La definición de prebiótico ha evolucionado; la definición de la ISAPP de 2017 es la referencia actual: un prebiótico es un sustrato utilizado de forma selectiva por los microorganismos del huésped, que aporta un beneficio para la salud. Esta definición va más allá de las simples fibras: algunos polifenoles y ácidos grasos también pueden actuar como prebióticos al modular la microbiota.
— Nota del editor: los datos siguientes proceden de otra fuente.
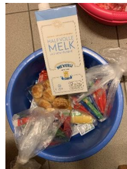
De wekelijkse, gratis bevoorrading

De directie neemt de opmerkingen met betrekking tot het eten ter harte en tracht een wijziging in het contract te bekomen dat mogelijk zou maken om de voeding warm te leveren in grote containers. In december werd dit systeem al uitgetest. Dit werd enthousiast onthaald en het systeem wordt verdergezet in 2024. Bovendien werd een systeem uitgewerkt waarbij diegenen die na de bedeling nog wat bij wensen, hun lampje aandoen om dit aan te geven. Dit zorgt niet alleen voor minder overschotten en meer tevredenheid bij gedetineerden, maar creëert eveneens extra arbeid (zowel voor het extra werk bij de bedeling als bij de afwas van de containers achteraf).
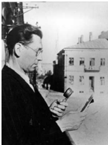
Odczytanie przez radio manifestu PKWN Rzeszów 1944.

wojną podjął współpracę z wywiadem radzieckim. Było to wypowiedzenie posłuszeństwa wodzowi naczelnemu wojska polskiego w warunkach wojny i faktyczne podporządkowanie się siłom zbrojnym obcego państwa, które okupowało część Polski!
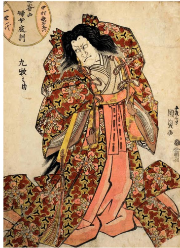
初世国貞画 三世中村歌右衛門 文化12年(1815) ＜公家悪＞曾我入鹿
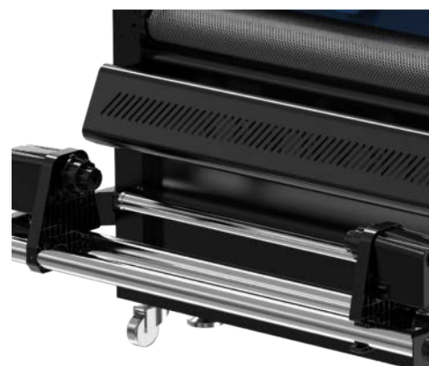
Doppio motore su avvolgitore
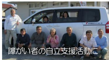
障がい者の自立支援活動に
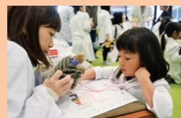
お医者さんや大工さんに挑戦
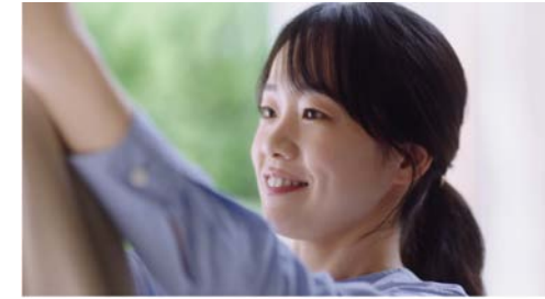
大鵬薬品 Efi「出かける家族」篇
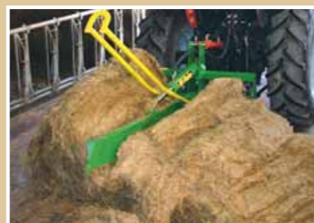
Bálaszállítás vágás után
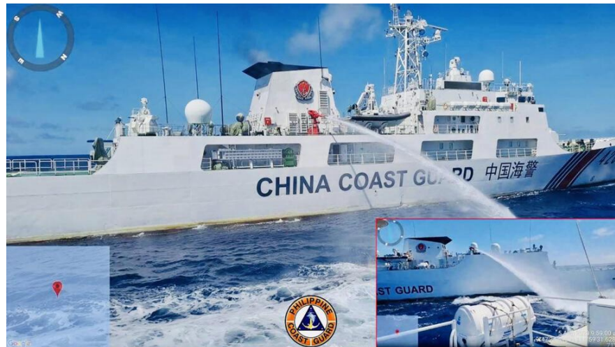
Figura 3. Un buque de la Guardia Costera china disparando un cañón de agua a presión contra una misión de reabastecimiento filipina a principios de agosto de 2023

ellas. Junto a la publicación del video, las autoridades filipinas expresaron su rechazo hacia los hechos: «La Guardia Costera filipina condena firmemente las peligrosas maniobras de la Guardia Costera china y su uso ilegal de cañones de agua contra nuestras embarcaciones» 14 . Si bien Filipinas está acostumbrada a las maniobras de los guardacostas chinos, el empleo de un cañón de agua a presión suponía un nuevo hito.
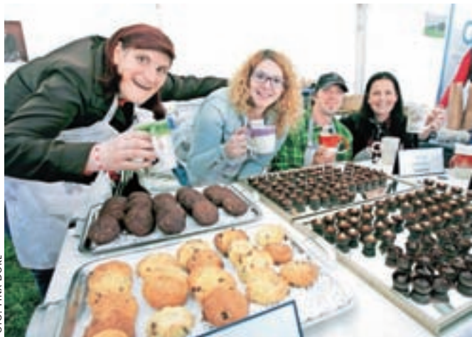
Na stojnici CUDV Matevža Langusa Radovljica so ponujali sladke dobrote in čudovite lončke za vročo čokolado.
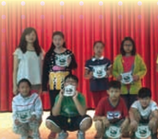
節能刮刮樂抽獎活動中獎學生
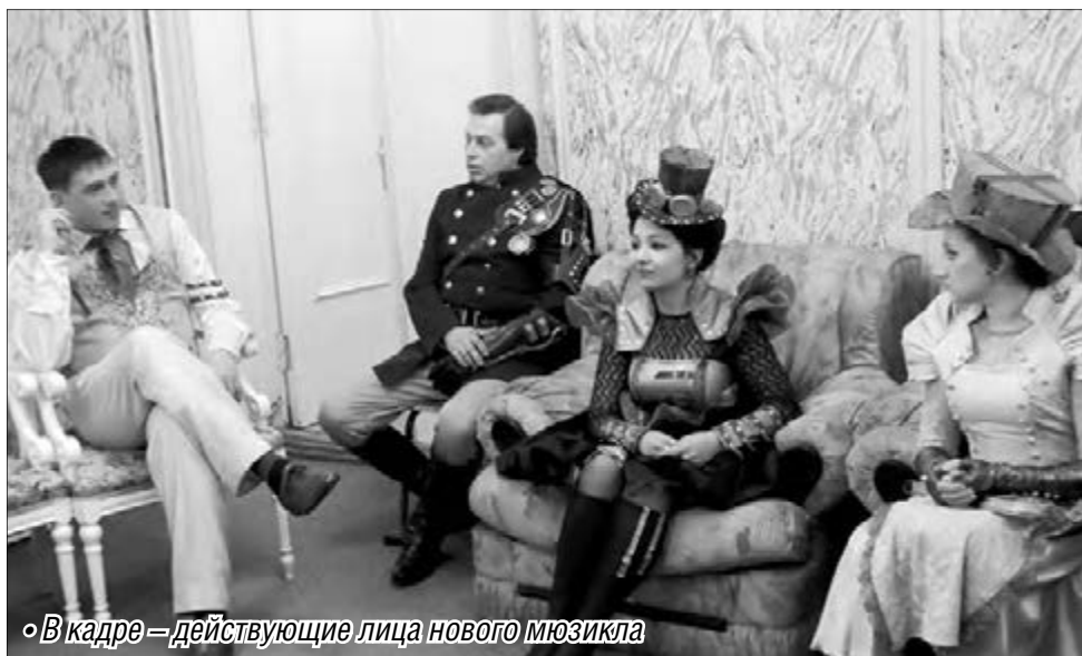
В кадре – действующие лица нового мюзикла

В магнитогорском варианте спектакля зрители увидят традиционный для него синтез музыки, слова, актерского мастерства, а яркой отличительной чертой будет большая роль танца и активное участие в постановке артистов балета, исполняющих самостоятельные роли. Вообще танцевать и широко применять на сцене возможности пластики пришлось исполнителям всех ролей спектакля, в этом-то и заключалась
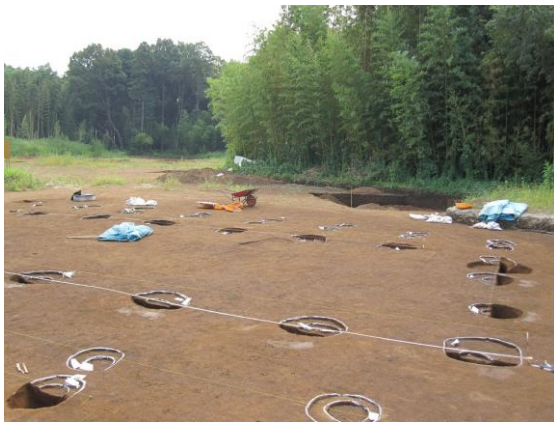
2009年荒追遺跡発掘風景

なぜか、根戸城跡は、松ヶ崎城跡に形が似ています。 その根戸城跡の台地の下は、かつては手賀沼が迫っていたと思われます。 町場から城跡まで、一緒に中世の遺跡群をめぐってみましょう。
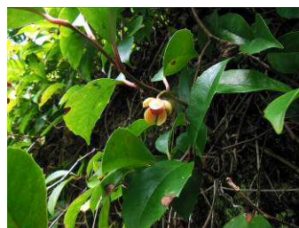
ビナンカズラ (サネカズラ)
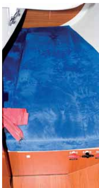
Koje in der Achterkabine.
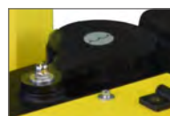
Réservoir d'eau 47 L
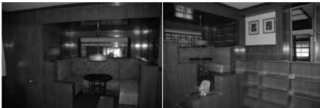
Ilustração 81 – Escritório de Milada Müller. (Susana Santos, 2011).

Um outro ambiente que vive da mesma relação espacial, e que distribui o espaço em várias cotas, é o escritório de Frantisek Müller. Na entrada do escritório, após descer quatro degraus que o separa do patim da escada principal, o espaço do escritório estabelece-se num só piso. Apresenta no entanto, dois pé-direitos diferentes, um na zona de estar e ler, e outro, na zona de escrever e projecção.
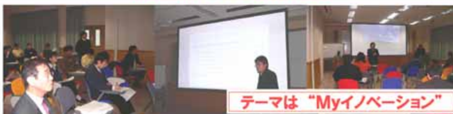
昨年度実施の様相
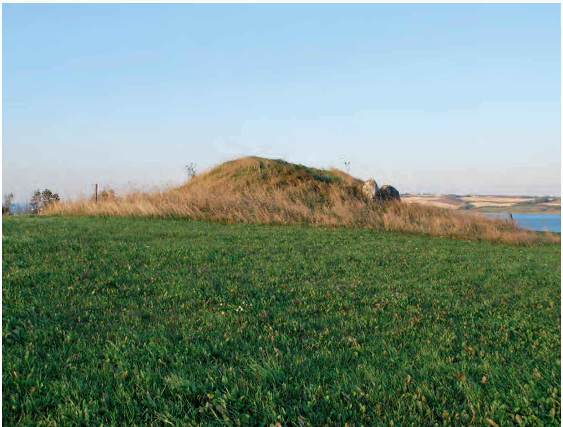
Stendalhøj anno 2013.

Langdysse? I sognebeskrivelsen står der megalitgrav, ældre tragtæggekultur. Det vil sige, at højen kan være mere end 5000 år gammel; men derfor kan den godt have rummet langt yngre begravelser, f.eks. fra bronzealderen. Der er kun kendskab

En la práctica, en el ámbito de los complementos alimenticios, los prebióticos más utilizados son los fructooligosacáridos (FOS), los galactooligosacáridos (GOS),la inulina, la goma arábiga y las pectinas —todos ellos fermentados de forma selectiva por las bifidobacterias y los lactobacilos.
Prebióticos frente a probióticos: ¿qué diferencias hay?
Los prebióticos y los probióticos son complementarios: su combinación forma un simbiótico.
- Prebióticos: sustratos no digeribles (fibras, oligosacáridos) que alimentan a las bacterias beneficiosas ya presentes en la microbiota; no contienen bacterias vivas
- Probióticos: microorganismos vivos que se incorporan temporalmente a la microbiota; deben estar vivos en el momento de la ingestión y en cantidad suficiente
- Simbióticos: fórmulas que combinan ambos; el prebiótico se selecciona para alimentar preferentemente a la cepa probiótica que se administra conjuntamente; mejoran el efecto de colonización y supervivencia
- Los prebióticos tienen la ventaja de ser estables (no requieren cadena de frío ni son sensibles a la acidez gástrica)
- Su eficacia depende del microbioma inicial: «fertilizan» las bacterias presentes; un microbioma muy empobrecido se beneficiará más de los probióticos en primer lugar
¿Qué tipos de prebióticos se pueden tomar como complemento?
Cada prebiótico tiene un perfil de fermentación distinto; no son intercambiables.
- Inulina y FOS: fermentación rápida en el colon proximal — potente efecto bifidogénico a partir de 5 g/día — véase «inulina»
- GOS (galactooligosacáridos): componente natural de la leche materna (HMO); especialmente estudiados en pediatría por su papel en la programación inmunológica del lactante
- Goma de acacia: fermentación lenta y progresiva — primera opción para intestinos sensibles (SII leve) — produce pocos gases, bien tolerada
- Pectinas: fermentación distal (colon distal) — sustratode Akkermansia muciniphila (integridad de la mucosa)
- Psyllium: fibra de doble acción soluble/insoluble — tránsito intestinal + prebiótico moderado — véase «fibras vegetales»
¿Prebióticos y eje intestino-cerebro?
La producción de neurotransmisores por parte de la microbiota se ve directamente influenciada por los sustratos prebióticos disponibles.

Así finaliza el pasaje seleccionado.